Exercise inputs: Begin

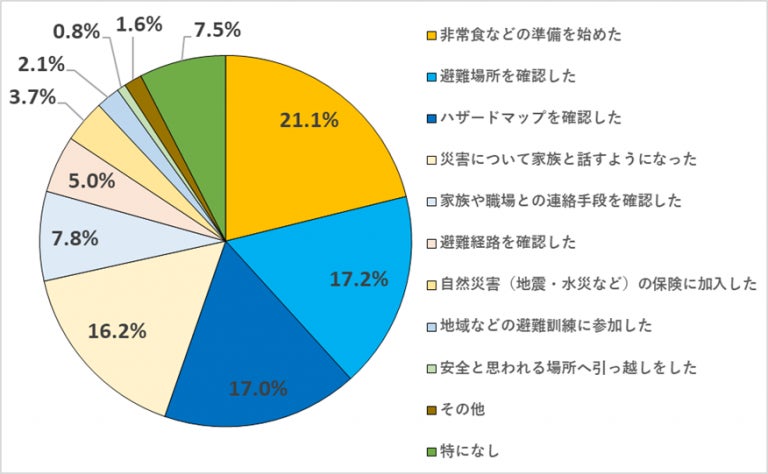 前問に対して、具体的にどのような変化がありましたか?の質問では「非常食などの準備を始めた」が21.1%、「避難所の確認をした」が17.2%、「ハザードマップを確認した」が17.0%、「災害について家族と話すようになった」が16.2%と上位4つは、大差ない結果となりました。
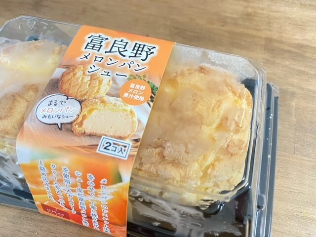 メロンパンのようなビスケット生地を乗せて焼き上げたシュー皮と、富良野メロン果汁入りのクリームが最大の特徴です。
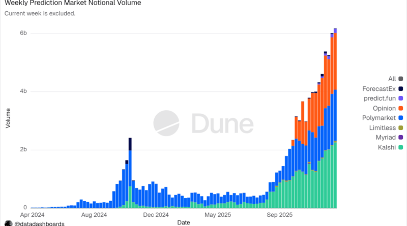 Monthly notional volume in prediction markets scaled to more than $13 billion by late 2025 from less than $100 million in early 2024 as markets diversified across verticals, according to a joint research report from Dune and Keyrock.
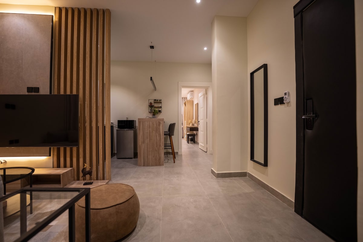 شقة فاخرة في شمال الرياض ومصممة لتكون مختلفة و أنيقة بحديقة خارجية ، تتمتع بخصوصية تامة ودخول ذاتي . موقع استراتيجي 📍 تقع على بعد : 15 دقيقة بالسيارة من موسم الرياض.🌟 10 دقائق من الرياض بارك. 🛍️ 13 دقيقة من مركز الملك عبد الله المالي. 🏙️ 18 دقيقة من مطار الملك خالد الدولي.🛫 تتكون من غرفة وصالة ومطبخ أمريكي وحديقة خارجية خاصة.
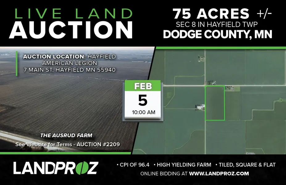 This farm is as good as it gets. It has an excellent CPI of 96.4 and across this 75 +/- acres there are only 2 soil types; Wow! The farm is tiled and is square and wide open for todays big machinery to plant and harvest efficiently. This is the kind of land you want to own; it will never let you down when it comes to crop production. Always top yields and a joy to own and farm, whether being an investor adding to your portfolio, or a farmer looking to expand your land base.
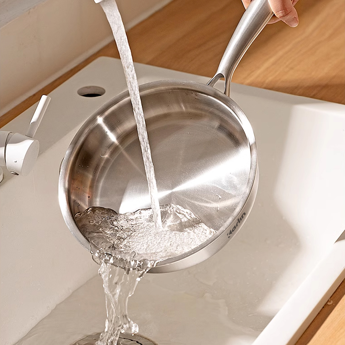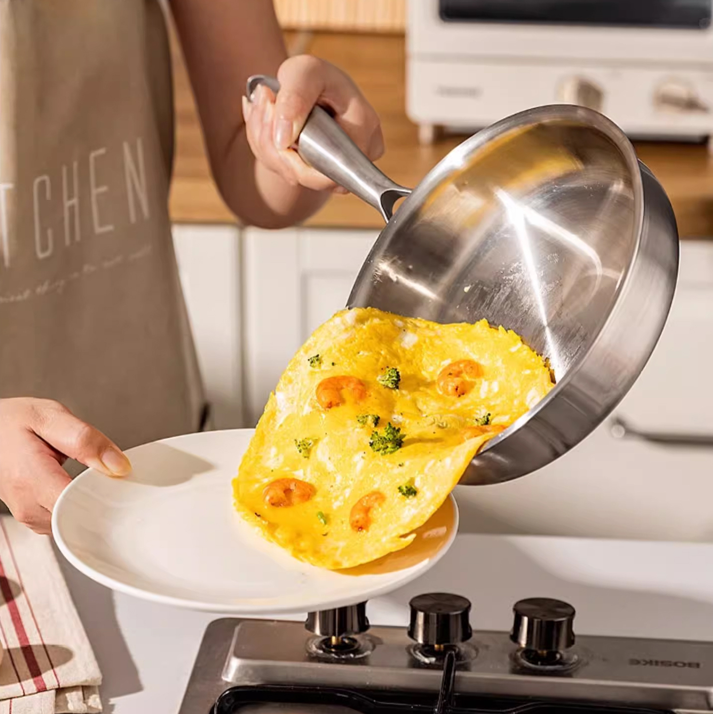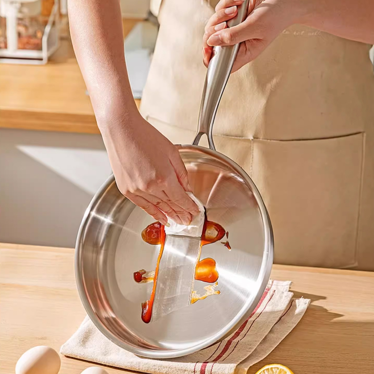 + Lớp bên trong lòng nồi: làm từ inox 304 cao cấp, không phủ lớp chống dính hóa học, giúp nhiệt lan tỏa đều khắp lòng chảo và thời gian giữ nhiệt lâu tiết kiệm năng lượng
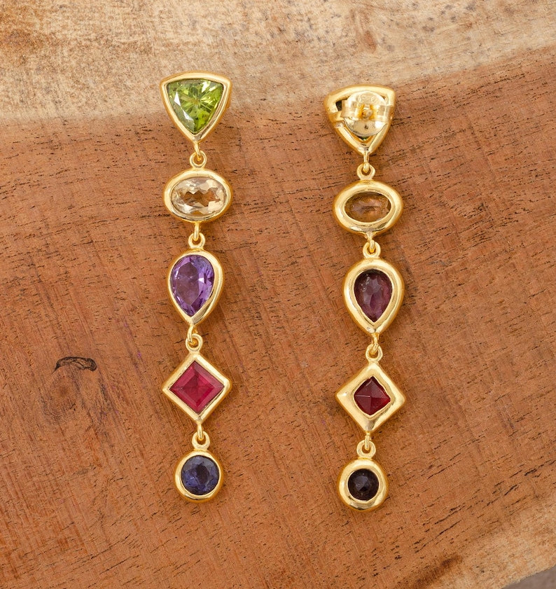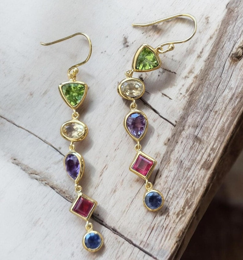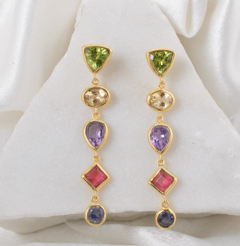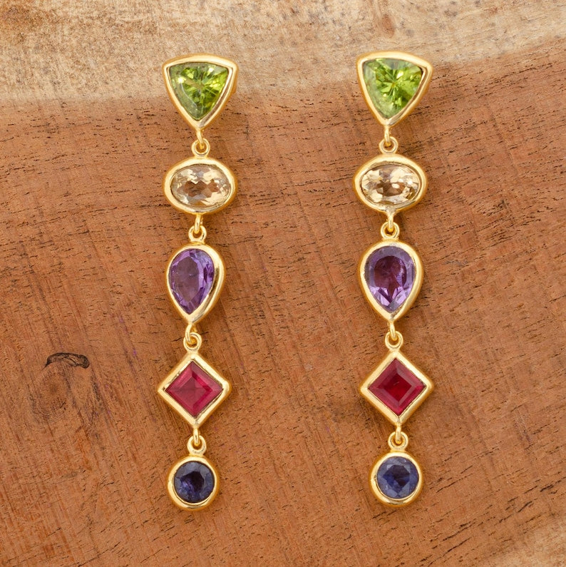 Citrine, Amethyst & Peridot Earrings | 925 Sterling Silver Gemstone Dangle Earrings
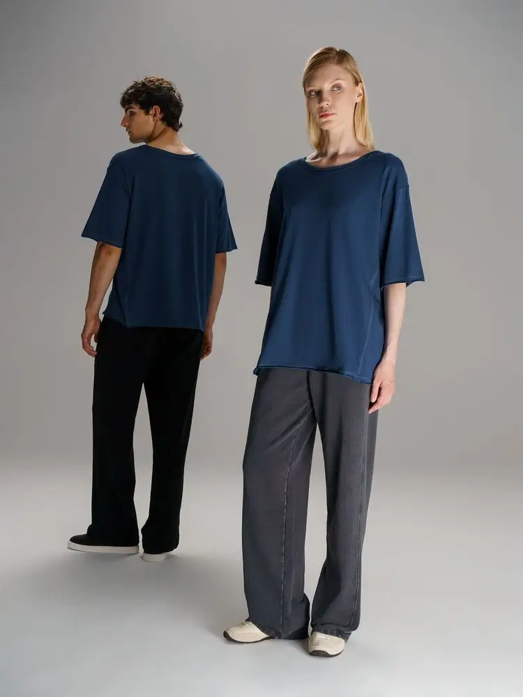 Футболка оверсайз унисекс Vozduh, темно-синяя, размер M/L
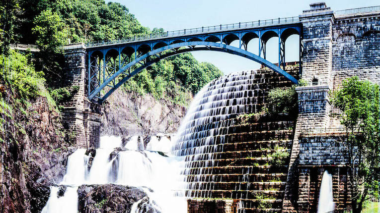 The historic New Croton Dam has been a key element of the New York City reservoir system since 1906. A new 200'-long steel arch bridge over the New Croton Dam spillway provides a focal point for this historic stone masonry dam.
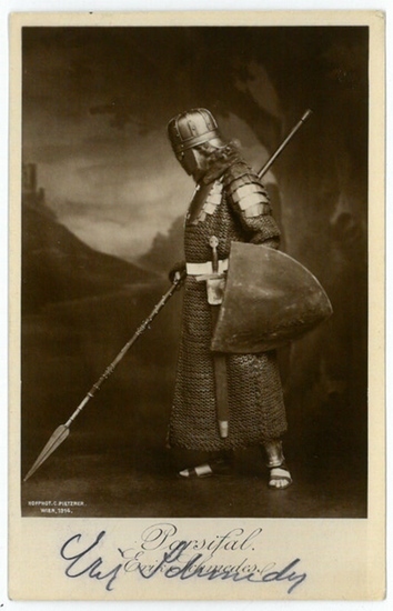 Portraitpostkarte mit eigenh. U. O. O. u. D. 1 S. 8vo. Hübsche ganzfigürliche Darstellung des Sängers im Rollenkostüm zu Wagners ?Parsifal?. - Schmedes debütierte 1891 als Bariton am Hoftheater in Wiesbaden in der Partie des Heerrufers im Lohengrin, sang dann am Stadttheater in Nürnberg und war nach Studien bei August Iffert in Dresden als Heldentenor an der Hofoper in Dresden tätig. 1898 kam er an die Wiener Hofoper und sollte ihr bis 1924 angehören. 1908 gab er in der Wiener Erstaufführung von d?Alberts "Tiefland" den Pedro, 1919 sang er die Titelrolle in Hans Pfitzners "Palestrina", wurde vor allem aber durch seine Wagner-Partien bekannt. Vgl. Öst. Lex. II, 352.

Exercise inputs: End
Exercise inputs: Begin

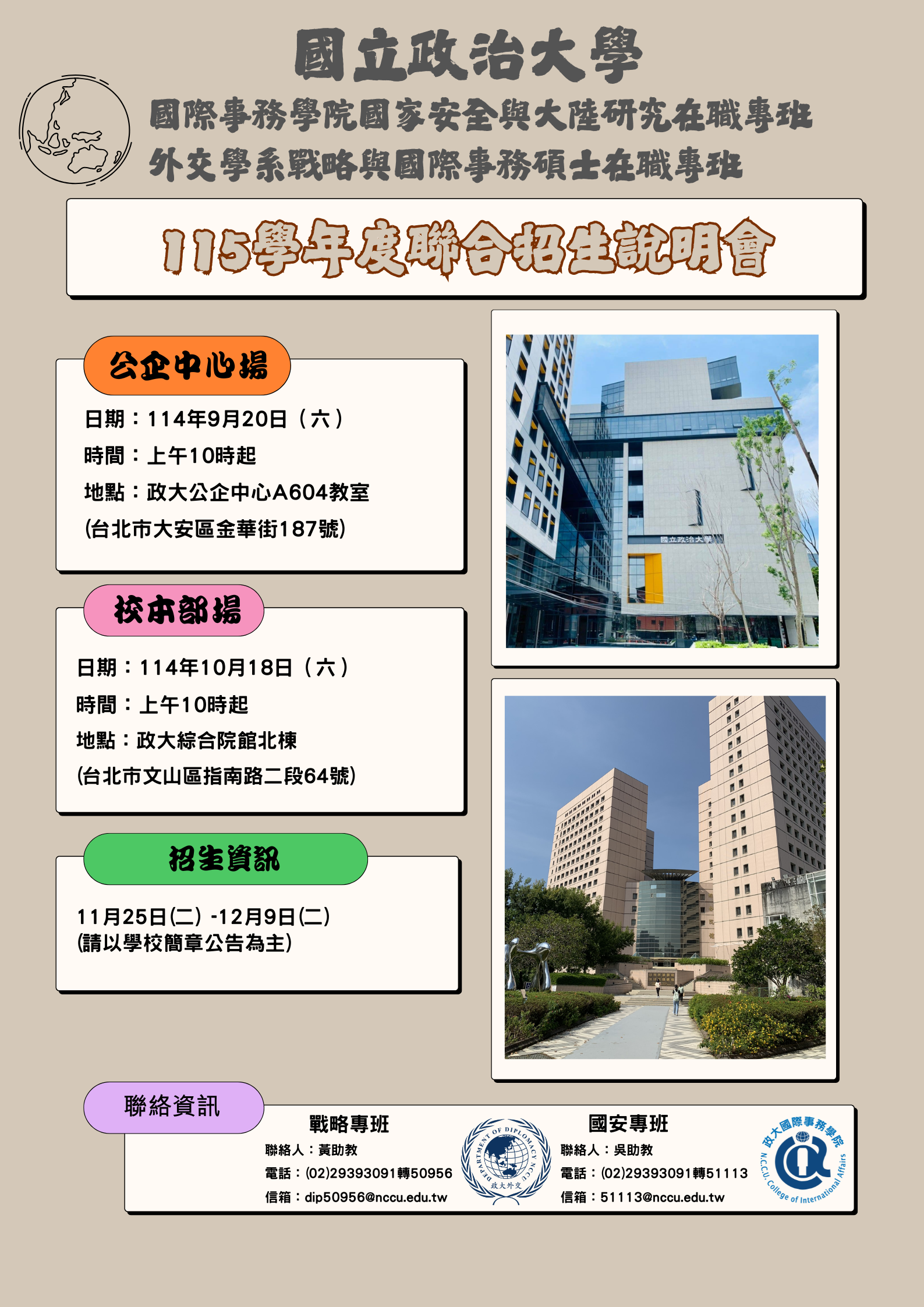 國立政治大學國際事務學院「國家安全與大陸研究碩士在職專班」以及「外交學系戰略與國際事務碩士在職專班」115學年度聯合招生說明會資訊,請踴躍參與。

Exercise inputs: End
Exercise inputs: Begin

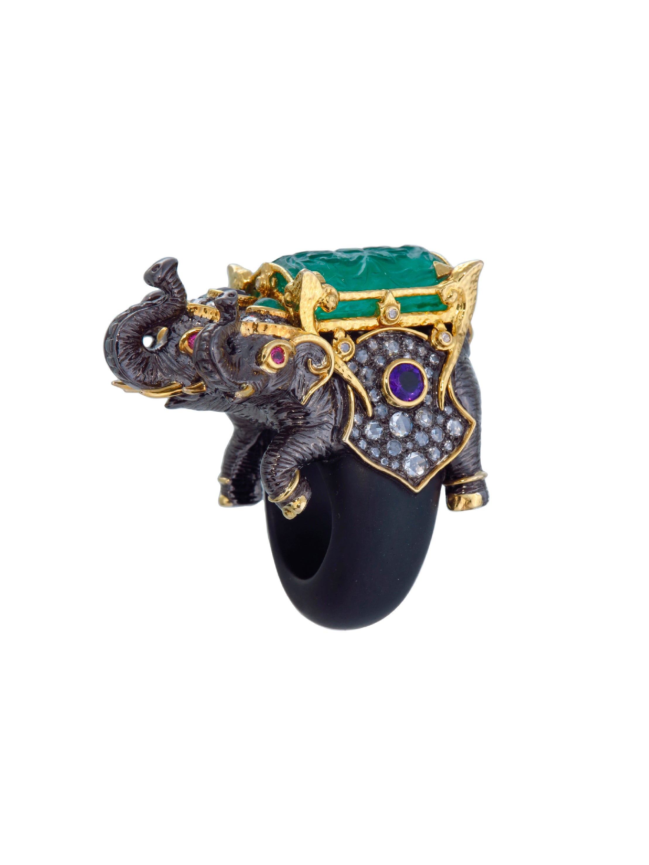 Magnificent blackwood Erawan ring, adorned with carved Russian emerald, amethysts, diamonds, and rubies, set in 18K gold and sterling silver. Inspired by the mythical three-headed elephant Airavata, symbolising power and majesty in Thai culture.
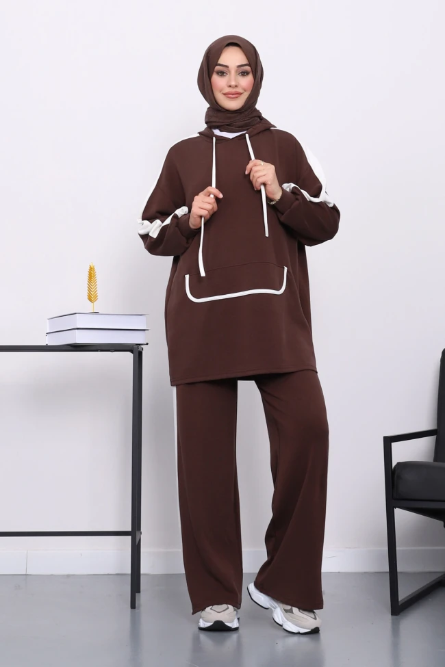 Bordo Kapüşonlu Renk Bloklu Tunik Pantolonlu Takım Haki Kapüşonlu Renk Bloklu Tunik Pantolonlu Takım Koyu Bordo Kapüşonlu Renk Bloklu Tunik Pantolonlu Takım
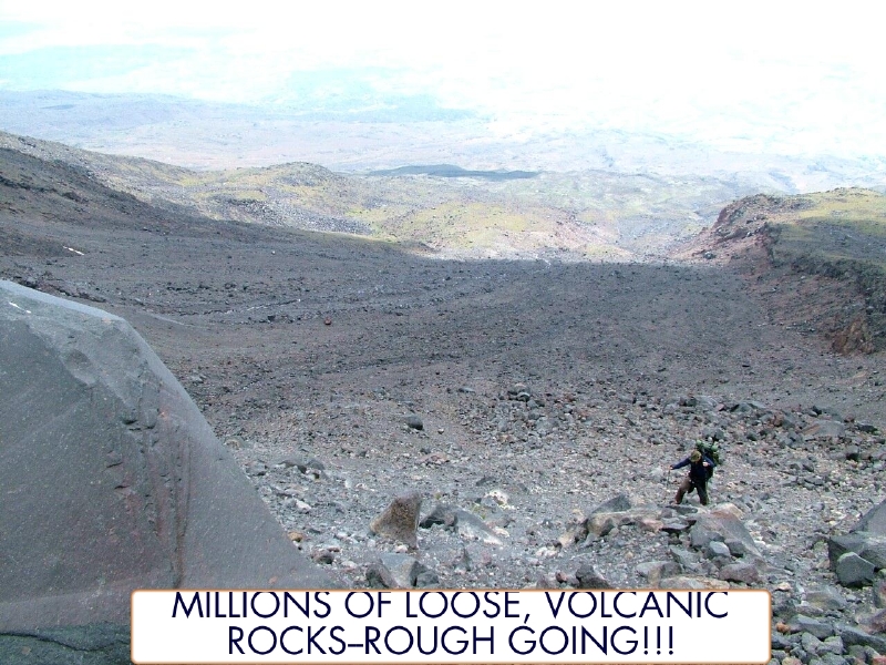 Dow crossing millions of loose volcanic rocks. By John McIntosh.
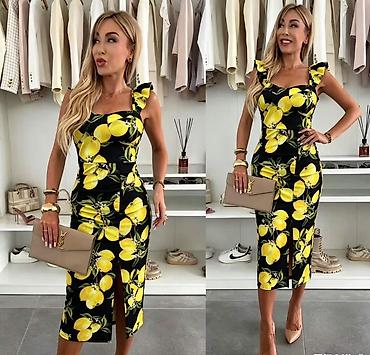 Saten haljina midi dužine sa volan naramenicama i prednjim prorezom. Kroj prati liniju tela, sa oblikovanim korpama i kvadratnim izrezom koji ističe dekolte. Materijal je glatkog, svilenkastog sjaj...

Exercise inputs: End

Exercise goal: Once the line with "The historic New" has been found above, output that line and every later line exactly, stopping after the line with "Portraitpostkarte mit eigenh.", and omit the pictures.

Output below:
 The historic New Croton Dam has been a key element of the New York City reservoir system since 1906. A new 200'-long steel arch bridge over the New Croton Dam spillway provides a focal point for this historic stone masonry dam.
 Portraitpostkarte mit eigenh. U. O. O. u. D. 1 S. 8vo. Hübsche ganzfigürliche Darstellung des Sängers im Rollenkostüm zu Wagners ?Parsifal?. - Schmedes debütierte 1891 als Bariton am Hoftheater in Wiesbaden in der Partie des Heerrufers im Lohengrin, sang dann am Stadttheater in Nürnberg und war nach Studien bei August Iffert in Dresden als Heldentenor an der Hofoper in Dresden tätig. 1898 kam er an die Wiener Hofoper und sollte ihr bis 1924 angehören. 1908 gab er in der Wiener Erstaufführung von d?Alberts "Tiefland" den Pedro, 1919 sang er die Titelrolle in Hans Pfitzners "Palestrina", wurde vor allem aber durch seine Wagner-Partien bekannt. Vgl. Öst. Lex. II, 352.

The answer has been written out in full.